Supernovae are useful for cosmology because they are excellent standard candles across cosmological distances. They allow the expansion history of the universe to be measured by looking at the relationship between the distance to an object and its redshift, which gives how fast it is receding from us. The relationship is roughly linear, according to Hubble's law. It is relatively easy to measure redshift, but finding the distance to an object is more difficult. Usually, astronomers use standard candles: objects for which the intrinsic brightness, the absolute magnitude, is known. This allows the object's distance to be measured from its actual observed brightness, or apparent magnitude. Type Ia supernovae are the best-known standard candles across cosmological distances because of their extreme and consistent luminosity.
Recent observations of supernovae are consistent with a universe made up 71.3% of dark energy and 27.4% of a combination of dark matter and baryonic matter.^[18]

Cosmic microwave background

Estimated distribution of matter and energy in the universe^[19]

The existence of dark energy, in whatever form, is needed to reconcile the measured geometry of space with the total amount of matter in the universe. Measurements of cosmic microwave background (CMB) anisotropies indicate that the universe is close to flat. For the shape of the universe to be flat, the mass/energy density of the universe must be equal to the critical density.

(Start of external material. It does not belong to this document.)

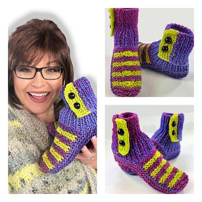 These fun slippers are made flat then turned into a three-dimensional object with some nifty shaping on the sole.

The total amount of matter in the universe (including baryons and dark matter), as measured from the CMB spectrum, accounts for only about 30% of the critical density. This implies the existence of an additional form of energy to account for the remaining 70%.^[16] The Wilkinson Microwave Anisotropy Probe (WMAP) spacecraft seven-year analysis estimated a universe made up of 72.8% dark energy, 22.7% dark matter and 4.5% ordinary matter.^[4] Work done in 2013 based on the Planck spacecraft observations of the CMB gave a more accurate estimate of 68.3% of dark energy, 26.8% of dark matter and 4.9% of ordinary matter.^[20]

Large-scale structure

The theory of large-scale structure, which governs the formation of structures in the universe (stars, quasars, galaxies and galaxy groups and clusters), also suggests that the density of matter in the universe is only 30% of the critical density.
A 2011 survey, the WiggleZ galaxy survey of more than 200,000 galaxies, provided further evidence towards the existence of dark energy, although the exact physics behind it remains unknown.^[21][22] The WiggleZ survey from Australian Astronomical Observatory scanned the galaxies to determine their redshift. Then, by exploiting the fact that baryon acoustic oscillations have left voids regularly of ~150 Mpc diameter, surrounded by the galaxies, the voids were used as standard rulers to determine distances to galaxies as far as 2,000 Mpc (redshift 0.6), which allowed astronomers to determine more accurately the speeds of the galaxies from their redshift and distance. The data confirmed cosmic acceleration up to half of the age of the universe (7 billion years) and constrain its inhomogeneity to 1 part in 10.^[22] This provides a confirmation to cosmic acceleration independent of supernovae.

Late-time integrated Sachs-Wolfe effect

Accelerated cosmic expansion causes gravitational potential wells and hills to flatten as photons pass through them, producing cold spots and hot spots on the CMB aligned with vast supervoids and superclusters. This so-called late-time Integrated Sachs–Wolfe effect (ISW) is a direct signal of dark energy in a flat universe.^[23] It was reported at high significance in 2008 by Ho et al.^[24] and Giannantonio et al.^[25]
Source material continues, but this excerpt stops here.